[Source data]
::::::::::

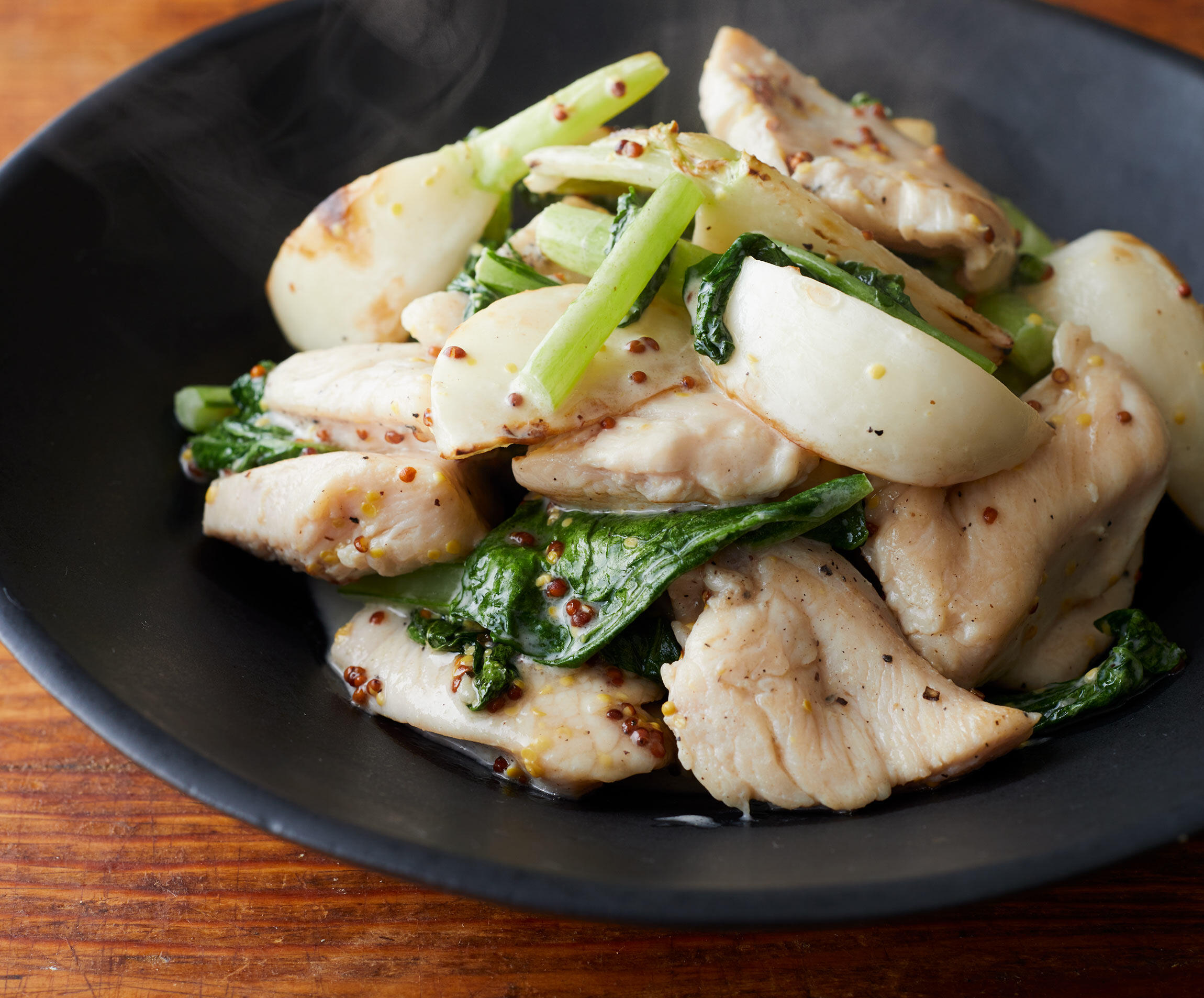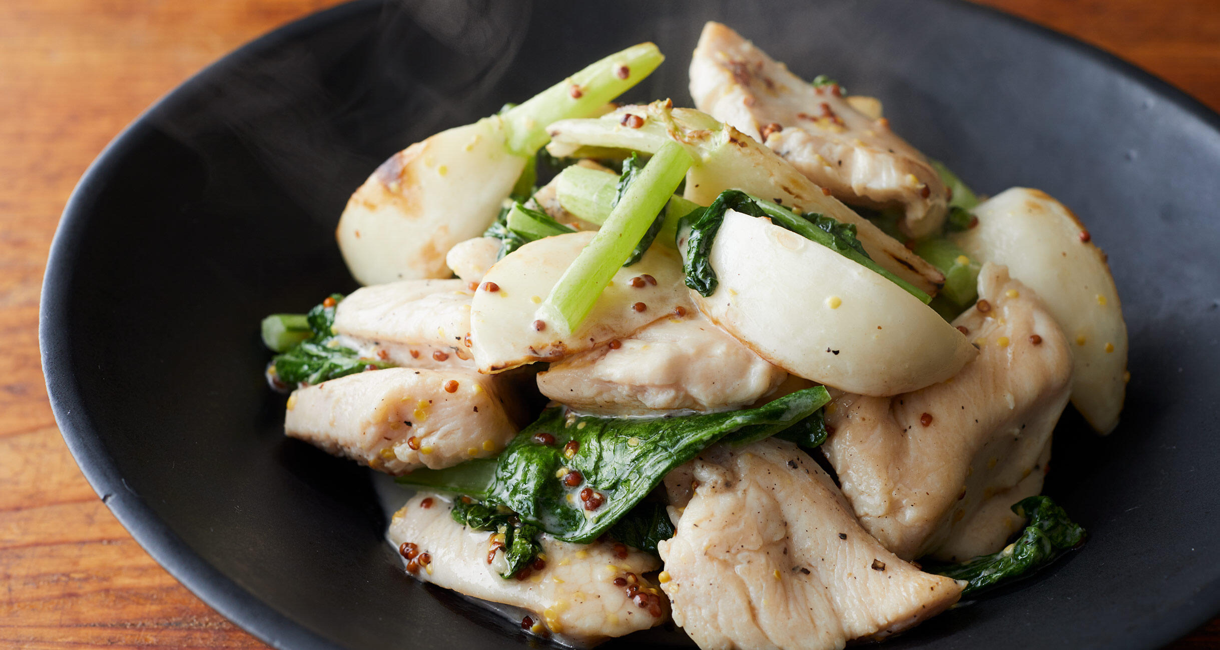 肉と野菜を炒めるときは、肉をゴロッと大きめに切りそろえることで、食べごたえが抜群のおかずになります。いまが旬のかぶは、火を入れることでシャクっとした食感で、ほんのり甘く美味!マスタードの酸味も効いているので、白ワインと合わせるのもお薦めです!
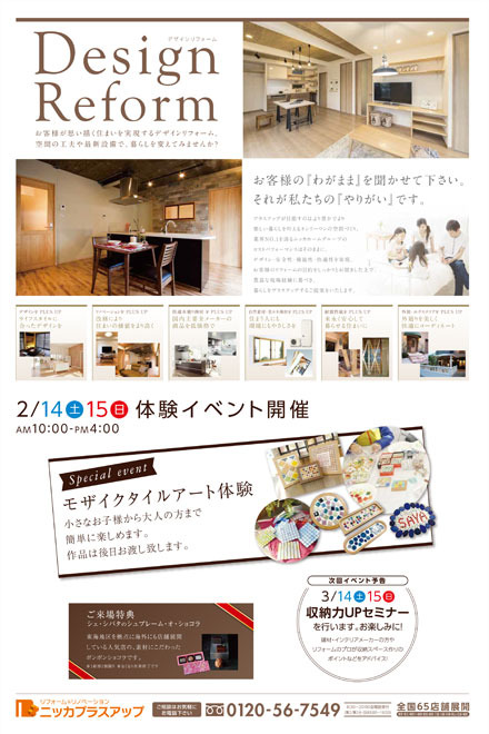 2015.02.10 2/14・15 日進スタジオで手作りタイルアート体験イベント開催! イベントは終了いたしました。 ご来場いただいた皆様に厚く御礼申し上げます。 いろんな自然素材を体感するイベントを開催! 今回はモザイクタイルアート体験!! コースターやペンホルダーなど、様々な形の素材にタイルを貼り、オリジナルの作品を作ることができます。 当ショールームにてたくさんの種類のタイル・素材をご用意いたしますので、ご来店は手ぶらでOK! 出来上がった作品は後日お送り致します。 また、外壁・外構・洗面台・トイレ・LDKでアクセントなどにタイルを使った施工事例もご用意しております。 是非、お気軽に遊びに来てください! 各チラシはクリックすると大きなサイズで確認できます。
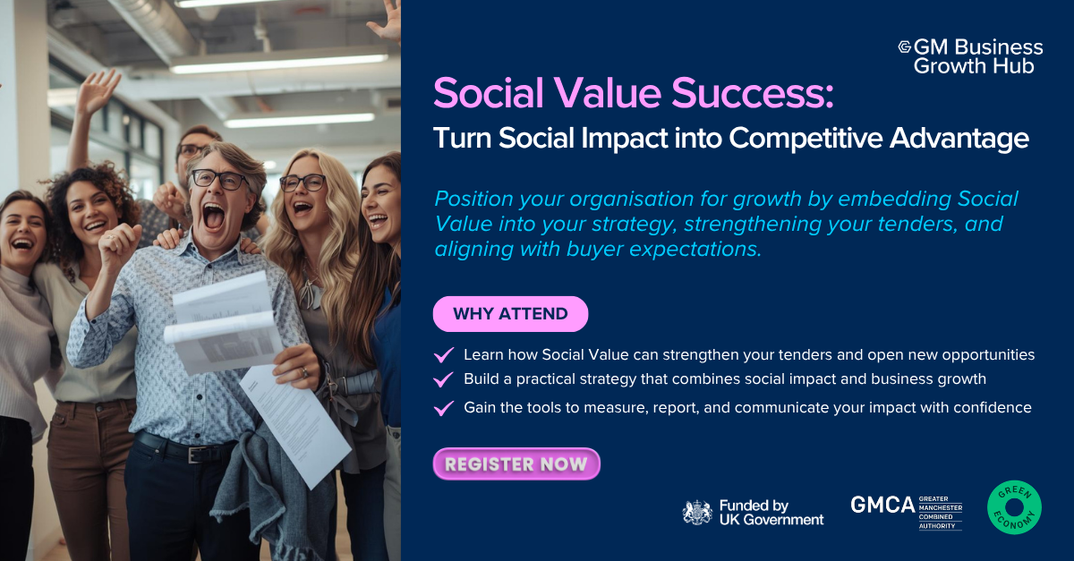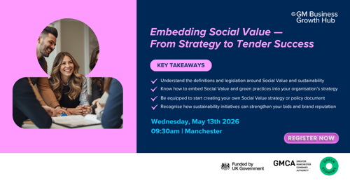 This workshop helps you understand what Social Value really means and how to embed it within your organisation’s strategy to create meaningful impact. You’ll learn how to develop a Social Value Strategy and Policy, explore measurement frameworks, and see best practice examples from Greater Manchester that show how businesses are integrating sustainability and social impact into their operations.
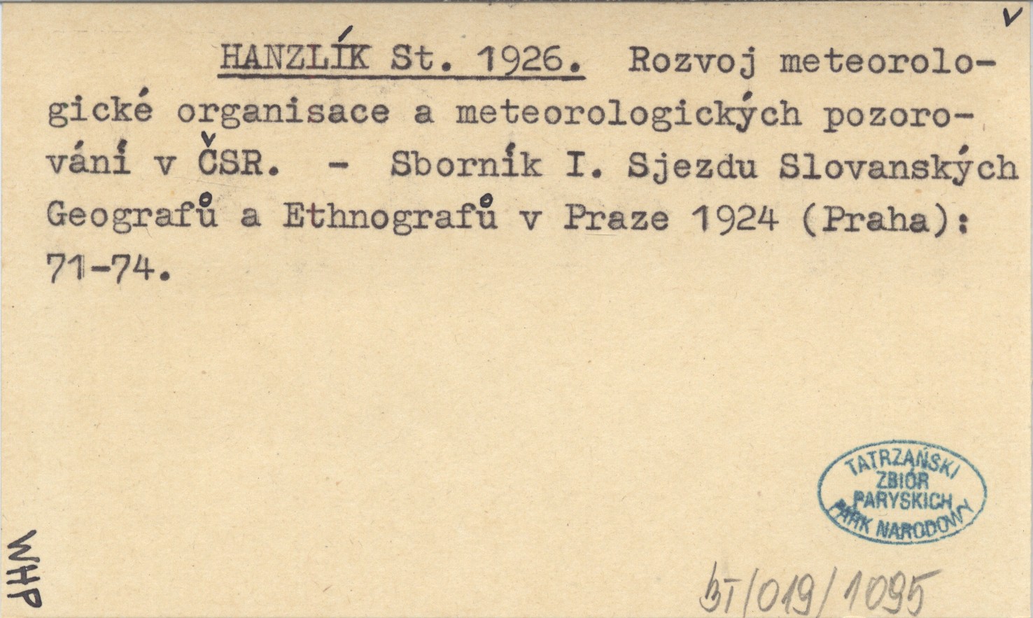HANZLÍK St. 1926 Rozvoj meteorologické organisace a meteorologickęch pozorování v ÈSR.
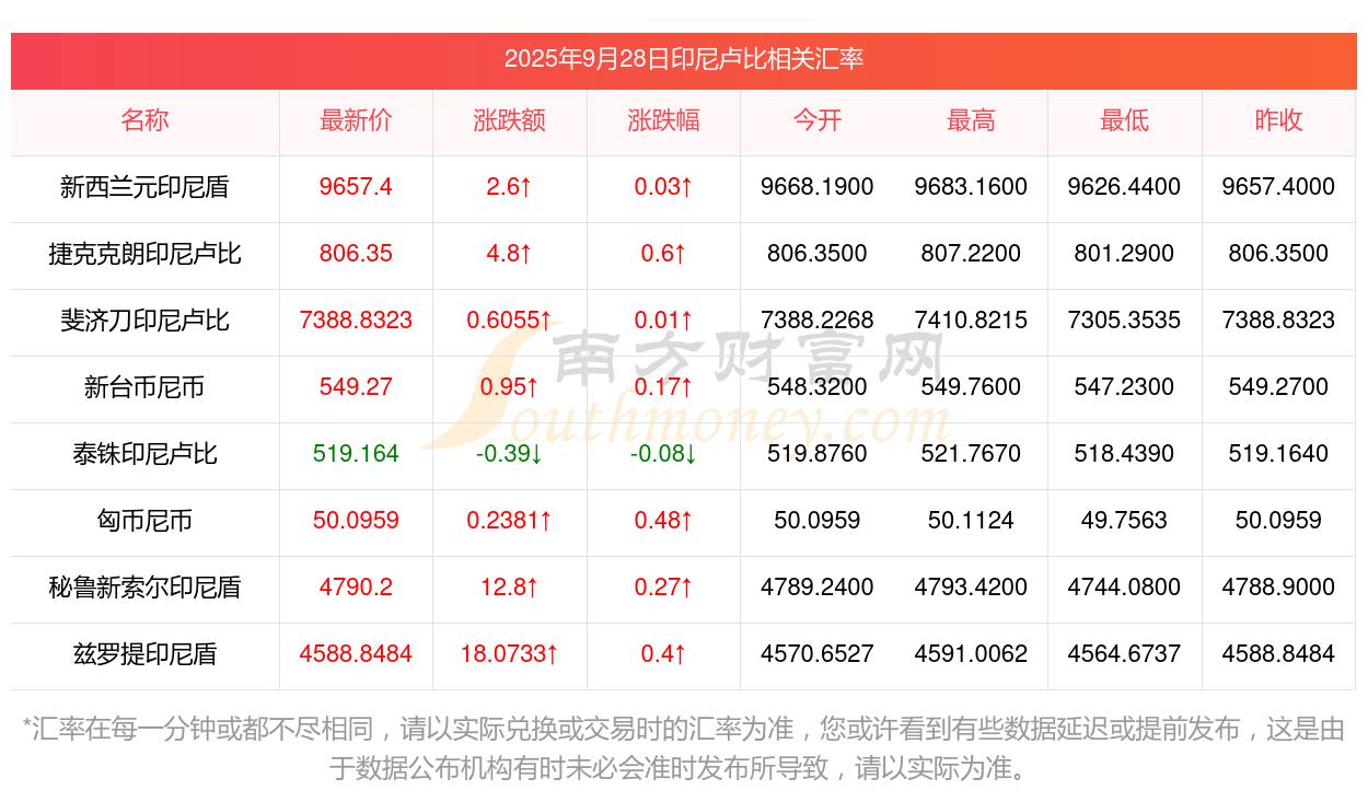 根據(jù)2025年9月28日匯率計算,IDR兌換BRL匯率最新價0.000300:今開價0.0003,昨收價0.0003,最高價0.0003,最低價0.0003。
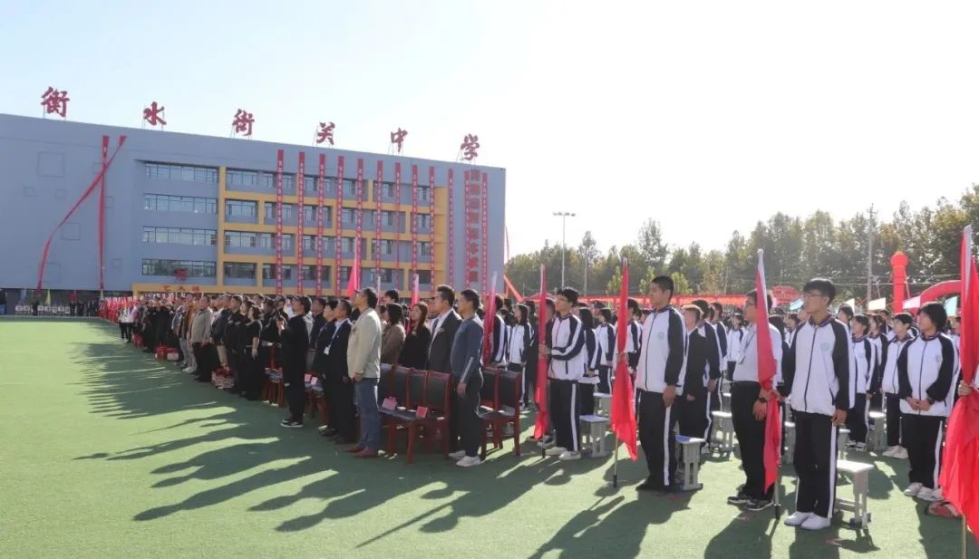 儀式伊始,全體與會(huì)人員肅立,升國(guó)旗,奏唱國(guó)歌,衡水街關(guān)中學(xué)建校三周年暨首屆校園文化藝術(shù)節(jié)正式拉開(kāi)序幕。
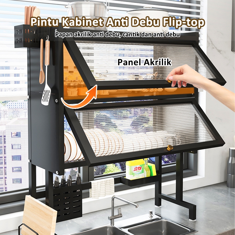 [Mall] Double Susun Rak Piring Wastafel Dapur Multifungsi Tempat Penyimpanan Tertutup Anti Debu Anti Karat Rak Susun Atas Wastafel
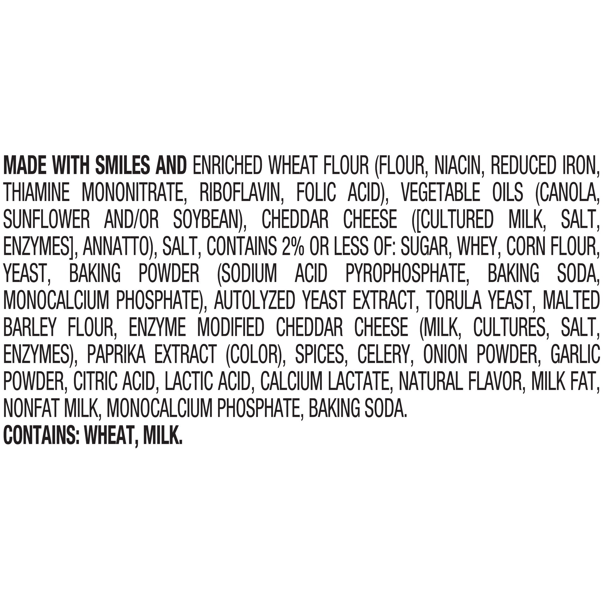 MADE WITH SMILES AND ENRICHED WHEAT FLOUR (FLOUR, NIACIN, REDUCED IRON, THIAMINE MONONITRATE, RIBOFLAVIN, FOLIC ACID), VEGETABLE OILS (CANOLA, SUNFLOWER AND/OR SOYBEAN), CHEDDAR CHEESE ([CULTURED MILK…
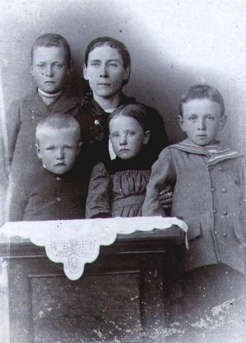 Hólmfríður Brynjólfsdóttir á Kjarlaksstöðum ásamt syni sínum og fósturbörnum.Efri röð frá vinstri mæðginin Hákon Oddsson (1891-1920) og Hólmfríður Brynjólfsdóttir (1964-1915). Neðri röð frá vinstri fósturbörnin Hákon Óskar Jónasson (1897-1983), Agnes Guðfinnsdóttir (1897-1987) og Jósef Haraldsson (1895-1925).
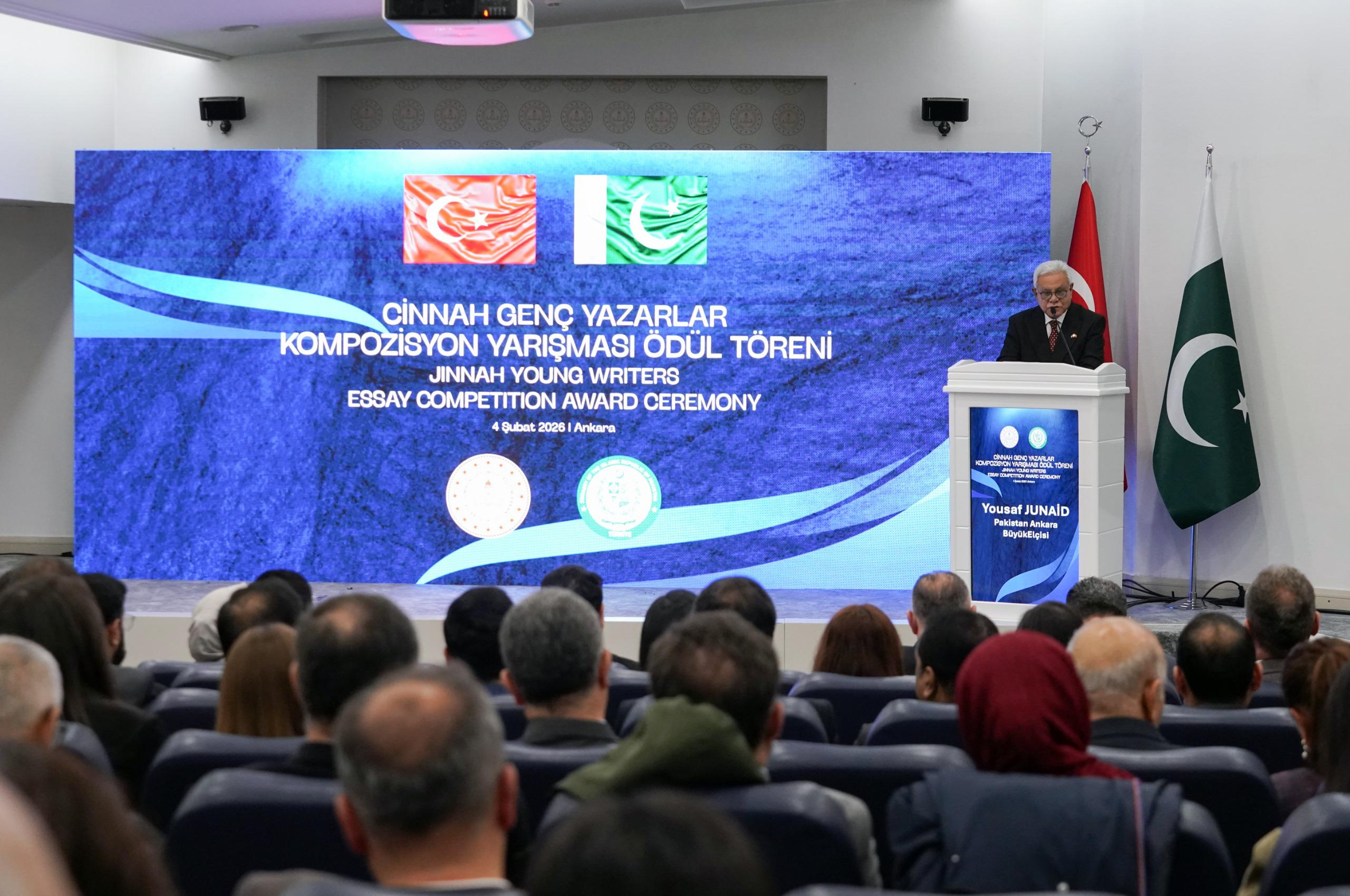 ’جناح ینگ رائٹرز ایوارڈ‘ مضمون نویسی مقابلے کے آٹھویں ایڈیشن کی انعامی تقسیم کی تقریب آج ترکیہ کے دارالحکومت انقرہ میں منعقد ہوئی۔ اس پروقار تقریب میں ترکیہ کی نائب وزیر برائے قومی تعلیم محترمہ جلیلہ ایرن اوکتن اور ترکیہ میں پاکستان کے سفیر ڈاکٹر یوسف جنید نے بطور مہمانِ خصوصی شرکت کی۔
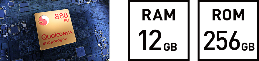 チップセットにはQualcomm Snapdragon 888 5G Mobile Platformを採用し、5Gミリ波もサポートしています。また、RAMが12GBとなりハイエンドAndroidスマホの名に恥じないレベルに仕上がっています。ROMは256GBで標準的な容量ですが、iPhoneと異なりmicroSDXC等で容易に大容量化できます。1TB microSDXCの価格も安価になり始めているので、1.25TBのスマホにカスタマイズすることもできます。
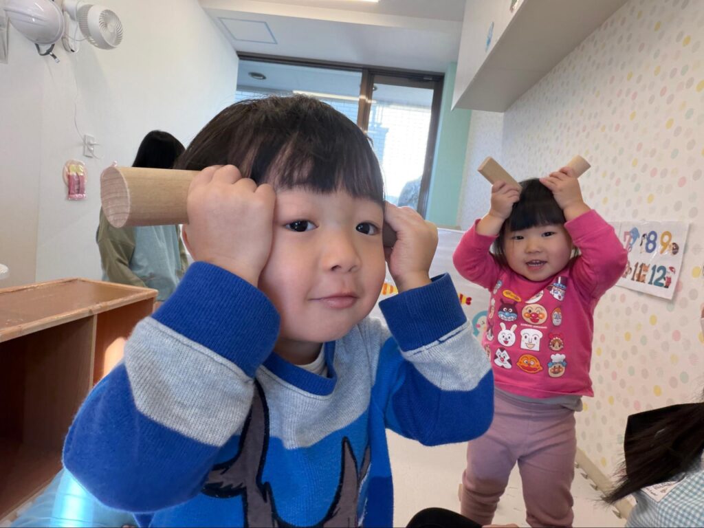 2月の節分の話をすると、なんと積み木で鬼の角を表現し「おに〜」と変身する子ども達。
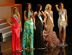 Finalistas de Miss Universo 2006, de izq. a der.: Lauriane Gilliéron, Miss Suiza; Lourdes Arévalos, Miss Paraguay; Kurara Chibana, Miss Japón; Tara Conner, Miss Estados Unidos; y Zuleyka Rivera, Miss Puerto Rico (ganadora).

::::::::::

TASK STATEMENT: With the pictures omitted, the records above are to be repeated exactly.

REPLY:
 肉と野菜を炒めるときは、肉をゴロッと大きめに切りそろえることで、食べごたえが抜群のおかずになります。いまが旬のかぶは、火を入れることでシャクっとした食感で、ほんのり甘く美味!マスタードの酸味も効いているので、白ワインと合わせるのもお薦めです!
 2015.02.10 2/14・15 日進スタジオで手作りタイルアート体験イベント開催! イベントは終了いたしました。 ご来場いただいた皆様に厚く御礼申し上げます。 いろんな自然素材を体感するイベントを開催! 今回はモザイクタイルアート体験!! コースターやペンホルダーなど、様々な形の素材にタイルを貼り、オリジナルの作品を作ることができます。 当ショールームにてたくさんの種類のタイル・素材をご用意いたしますので、ご来店は手ぶらでOK! 出来上がった作品は後日お送り致します。 また、外壁・外構・洗面台・トイレ・LDKでアクセントなどにタイルを使った施工事例もご用意しております。 是非、お気軽に遊びに来てください! 各チラシはクリックすると大きなサイズで確認できます。
 This workshop helps you understand what Social Value really means and how to embed it within your organisation’s strategy to create meaningful impact. You’ll learn how to develop a Social Value Strategy and Policy, explore measurement frameworks, and see best practice examples from Greater Manchester that show how businesses are integrating sustainability and social impact into their operations.
HANZLÍK St. 1926 Rozvoj meteorologické organisace a meteorologickęch pozorování v ÈSR.
 根據(jù)2025年9月28日匯率計算,IDR兌換BRL匯率最新價0.000300:今開價0.0003,昨收價0.0003,最高價0.0003,最低價0.0003。
 儀式伊始,全體與會(huì)人員肅立,升國(guó)旗,奏唱國(guó)歌,衡水街關(guān)中學(xué)建校三周年暨首屆校園文化藝術(shù)節(jié)正式拉開(kāi)序幕。
 [Mall] Double Susun Rak Piring Wastafel Dapur Multifungsi Tempat Penyimpanan Tertutup Anti Debu Anti Karat Rak Susun Atas Wastafel
 MADE WITH SMILES AND ENRICHED WHEAT FLOUR (FLOUR, NIACIN, REDUCED IRON, THIAMINE MONONITRATE, RIBOFLAVIN, FOLIC ACID), VEGETABLE OILS (CANOLA, SUNFLOWER AND/OR SOYBEAN), CHEDDAR CHEESE ([CULTURED MILK…
 Hólmfríður Brynjólfsdóttir á Kjarlaksstöðum ásamt syni sínum og fósturbörnum.Efri röð frá vinstri mæðginin Hákon Oddsson (1891-1920) og Hólmfríður Brynjólfsdóttir (1964-1915). Neðri röð frá vinstri fósturbörnin Hákon Óskar Jónasson (1897-1983), Agnes Guðfinnsdóttir (1897-1987) og Jósef Haraldsson (1895-1925).
 ’جناح ینگ رائٹرز ایوارڈ‘ مضمون نویسی مقابلے کے آٹھویں ایڈیشن کی انعامی تقسیم کی تقریب آج ترکیہ کے دارالحکومت انقرہ میں منعقد ہوئی۔ اس پروقار تقریب میں ترکیہ کی نائب وزیر برائے قومی تعلیم محترمہ جلیلہ ایرن اوکتن اور ترکیہ میں پاکستان کے سفیر ڈاکٹر یوسف جنید نے بطور مہمانِ خصوصی شرکت کی۔
 チップセットにはQualcomm Snapdragon 888 5G Mobile Platformを採用し、5Gミリ波もサポートしています。また、RAMが12GBとなりハイエンドAndroidスマホの名に恥じないレベルに仕上がっています。ROMは256GBで標準的な容量ですが、iPhoneと異なりmicroSDXC等で容易に大容量化できます。1TB microSDXCの価格も安価になり始めているので、1.25TBのスマホにカスタマイズすることもできます。
 2月の節分の話をすると、なんと積み木で鬼の角を表現し「おに〜」と変身する子ども達。
 Finalistas de Miss Universo 2006, de izq. a der.: Lauriane Gilliéron, Miss Suiza; Lourdes Arévalos, Miss Paraguay; Kurara Chibana, Miss Japón; Tara Conner, Miss Estados Unidos; y Zuleyka Rivera, Miss Puerto Rico (ganadora).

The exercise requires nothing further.